Completion of the Health Policy Scholars Program:
What are the requirements for successful completion of the program?
- Attend PAS teaching sessions over 3 years: The didactic component of the program will include a core curriculum taught in one full-day session, offered each year at PAS for three consecutive years (for a total of three sessions). These sessions will focus on health policy, advocacy, communication, messaging, influencing policy, dissemination of scholarly work, leadership, and networking.
- Join intersession educational webinars: Intersession topics will focus on epidemiology, population health, Medicaid, and private insurance applicable to public policy and advocacy.

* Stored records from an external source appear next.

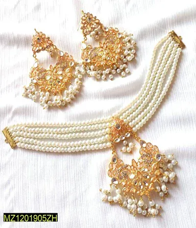 3 pieces total: 1 choker, 1 pair of earrings, and 1 piece of Bindia
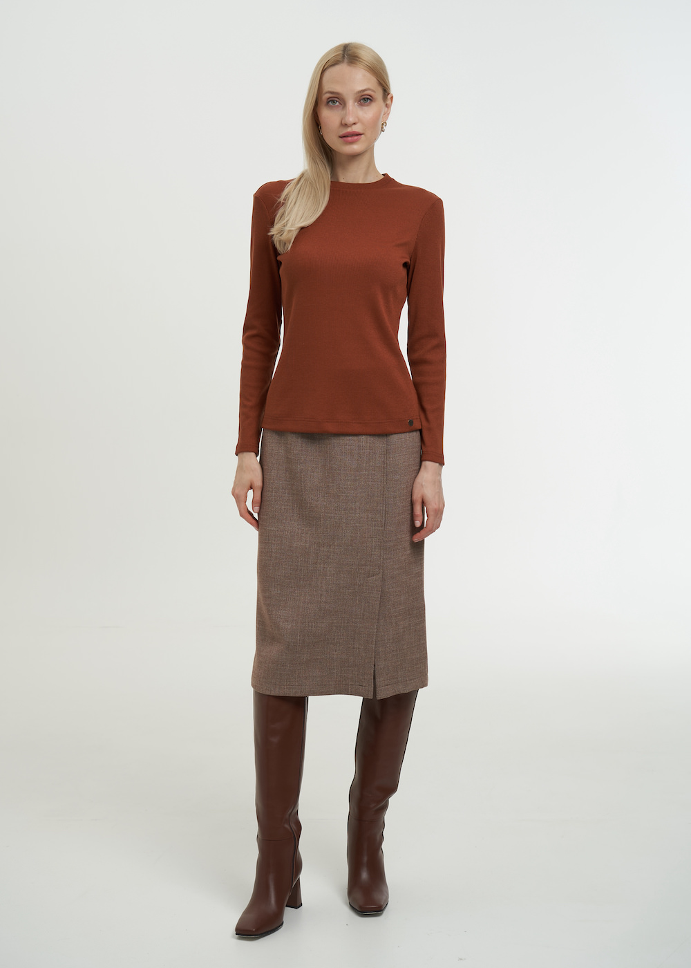Джемпер с круглым воротом и длинным рукавом
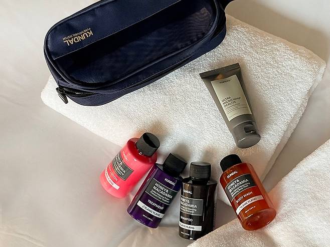피부 보습과 진정에 도움을 주는 '쿤달 허니 앤 마카다미아 퓨어 바디워시(100ml)와 바디로션(100ml)', 펄라이트 10,000ppm이 함유되어 묵은 각질까지 케어 가능한 '쿤달 울트라 마이크로 휩 펄라이트 클렌징폼(50ml)' 등의 어메니티로 구성됐다.
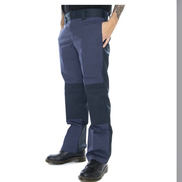 Color blocked dickies work inspired pants. Navy and ink blue. Straight leg, generous cut.
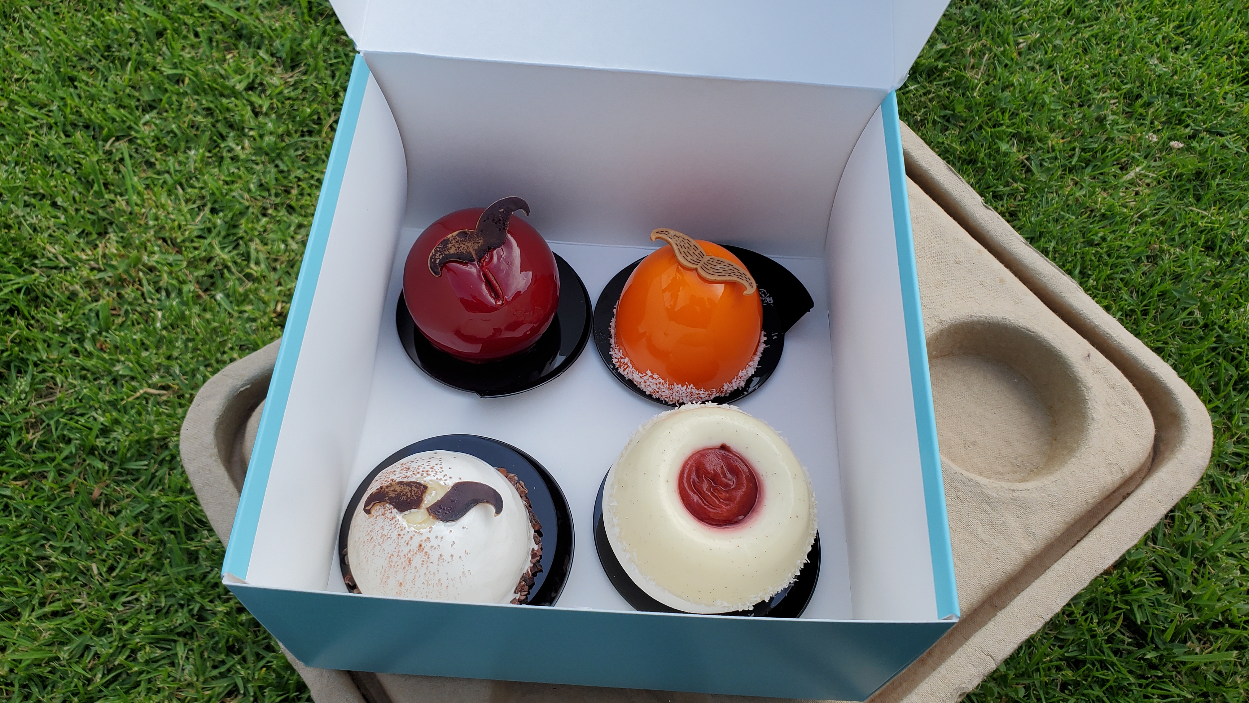마카롱과 크라상도 꼭 맛봐야 할 메뉴 중 하나이고, 커피는 네스프레스 제품으로 부드러운 맛과 향을 지닌 것이 특징입니다. 저는 네 가지 종류의 케이크를 한번 사봤는데요. 이것을 담아주는 박스 또한 컬러와 디자인이 참 마음에 듭니다. 여러모로 참 괜찮은 디저트를 먹고 있구나라는 생각을 주기에 부족함이 없는 브랜드입니다.

- Engage with peer, local, and national mentorship: Scholars will establish lasting relationships with their local and national mentors while conducting their own project and will network with other national faculty and peers during project-in-progress sessions.
- Develop a structured advocacy portfolio: A structured advocacy portfolio provides a scholarly approach to advocacy activities, guides career planning, and supports academic promotion.
- Disseminate findings of completed work: Potential sources of dissemination include national presentation, white paper, manuscript, or other non-traditional academic work products (e.g., legislative testimony, bill).
- Successful completion of the program will include a Certificate of Excellence in Health Policy Scholarship
What will I get out of the program? The Health Policy Scholars Program will provide a systematic learning experience to enhance your skills as a Scholar in policy and child advocacy, a carefully crafted advocacy portfolio, completion and dissemination of a relevant health policy project, expert mentorship, valuable networking, career guidance, and longstanding relationships with a national group of like-minded academic peers.
Can you have a local mentor with different expertise? Yes, although you want to ensure this mentor can help you successfully complete your scholarly project
Does the local mentor need to be an APA member? No. The local mentor does not need to be an APA member.
Can you change projects over 3 years? Although this would not be ideal, we understand that projects can change over time. The most important aspect of the scholarly project is that the Scholar can complete the project while learning the skills needed to complete such an endeavor.
Can you have co- mentors? Yes, although we request there is one primary mentor who submits the letter of recommendation for the application
Could this program be useful for pediatricians working in the community who may not be based at an academic medical center? Yes. We encourage pediatric clinicians with diverse experiences to apply as we think this is important for child health advocacy.